A Brief History of the C Language
C was created by Dennis Ritchie at the Bell Telephone Laboratories in 1972. The language wasn't created for the fun of it, but for a specific purpose: to design the UNIX operating system (which is used on many computers). C is considered as middle-level programming language, because it combined the power of low-level language and the elegance of high-level language. This means that C language can directly manipulate the bits, bytes and even the systems programming.
Because C is such a powerful and flexible language, its use quickly spread beyond Bell Labs. Programmers everywhere began using it to write all sorts of programs. Soon, however, different organizations began utilizing their own versions of C, and subtle differences between implementations started to cause programmers headaches. In response to this problem, the American National Standards Institute (ANSI) formed a committee in 1983 to establish a standard definition of C, which became known as ANSI Standard C. With few exceptions, every modern C compiler has the ability to adhere to this standard.
Now, what about the name? The C language is so named because its predecessor was called B. The B language was developed by Ken Thompson of Bell Labs.
In today's world of computer programming, there are many languages to choose from, such as C, Pascal, BASIC, and Java. These are all excellent languages suited for most programming tasks. Even so, there are several reasons why many computer professionals feel that C is at the top of the list:
- C is a popular language preferred by professional programmers. As a result, a wide variety of C compilers and helpful accessories are available.
- C is a portable language. Portable means that a C program written for one computer system (an IBM PC, for example) can be compiled and run on another system (MAC system, perhaps) with little or no modification. Portability is enhanced by the ANSI standard for C, the set of rules for C compilers.

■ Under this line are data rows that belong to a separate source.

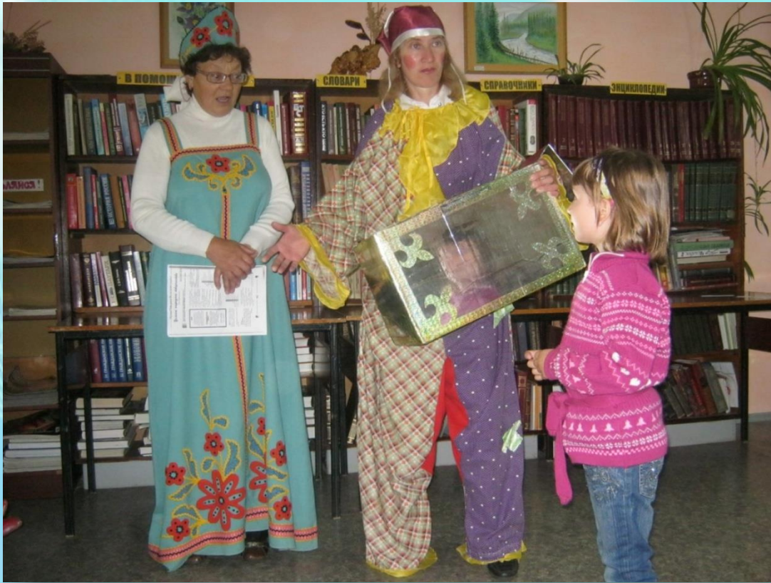
Совместное развлечение «Чудеса из сказки»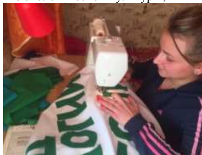
Рис. 6. Процесс пошива и дальнейшее использование флага, символизирующего официальную эмблему Года экологии в России-2017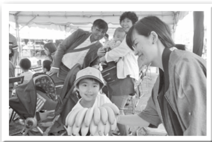
バナナが当たったヨ!!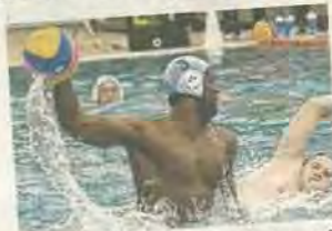
Stark: WBC Tirol siegte mit 26:4 gegen IWV Wien.

klar durch. „Wir haben schon lange nicht mehr so eine Abfuhr kassiert“, soll so mancher Wiener gemeint haben. Das Finale Salzburg gegen Graz wurde wegen einer Attacke auf den Schiedsrichter abgebrochen. (TT)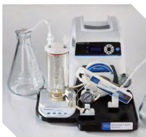
Minimate EVO切向流超滤系统 25mL-1L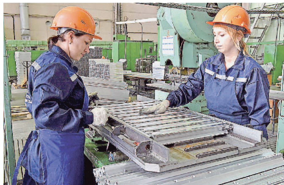
На сборке радиаторов «Термал».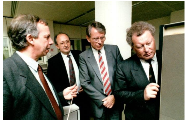
1990, Führungen aus Anlass der Einweihung des Siemens/Fujitsu-Rechners VP200-EX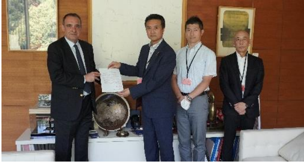
フランス大使館へ要請

KAKKIN は7月から9月にかけて、連合などと共に核兵器を保有している国の在日大使館を訪問し、核兵器廃絶の要請を行いました。7月26日はフランス、8月31日はアメリカ、9月22日は中国、9月25日はロシア、そして9月26日はイギリスの各大使館を訪問。短時間でしたが、大使などに各国元首宛の「 核兵器廃絶に向けた要請書 」を手渡し、意見交換の場で私たちの思いを伝えました。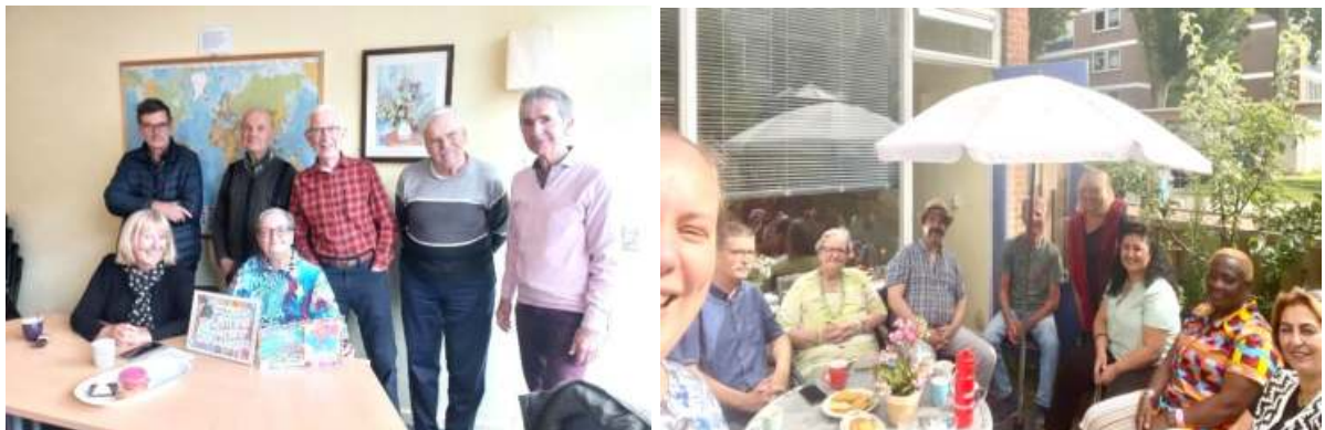
Foto's van inloopbijeenkomsten. Niet alle bezoekers willen op de foto, waardoor het aantal bezoekers hoger kan liggen dan u op beeld ziet.

“Ik kijk iedere dag uit naar het moment dat ik weer naar De Bron en het Lobeliaatje (de tweede locatie) kan komen. Ik hoef nu niet meer te werken waardoor ik minder mensen zie. Hier kan ik fijn met mensen blijven praten en luisteren. En voor mijn verjaardag hadden ze een prachtige verrassing gemaakt. Dat doet me goed!”

- C is a language of few words, containing only a handful of terms, called keywords, which serve as the base on which the language's functionality is built. You might think that a language with more keywords (sometimes called reserved words) would be more powerful. This isn't true. As you program with C, you will find that it can be programmed to do any task.
- C is modular. C code can be written in routines called functions. These functions can be reused in other applications or programs. By passing pieces of information to the functions, you can create useful, reusable code.
As these features show, C is an excellent choice for your first programming language. What about C++? You might have heard about C++ and the programming technique called object-oriented programming. Perhaps you're wondering what the differences are between C and C++ and whether you should be teaching yourself C++ instead of C.
Not to worry! C++ is a superset of C, which means that C++ contains everything C does, plus new additions for object-oriented programming. If you do go on to learn C++, almost everything you learn about C will still apply to the C++ superset. In learning C, you are not only learning one of today's most powerful and popular programming languages, but you are also preparing yourself for object-oriented programming.
Another language that has gotten lots of attention is Java. Java, like C++, is based on C. If later you decide to learn Java, you will find that almost everything you learned about C can be applied.
You should take certain steps when you're solving a problem. First, you must define the problem. If you don't know what the problem is, you can't find a solution! Once you know what the problem is, you can devise a plan to fix it. Once you have a plan, you can usually implement it. Once the plan is implemented, you must test the results to see whether the problem is solved. This same logic can be applied to many other areas, including programming.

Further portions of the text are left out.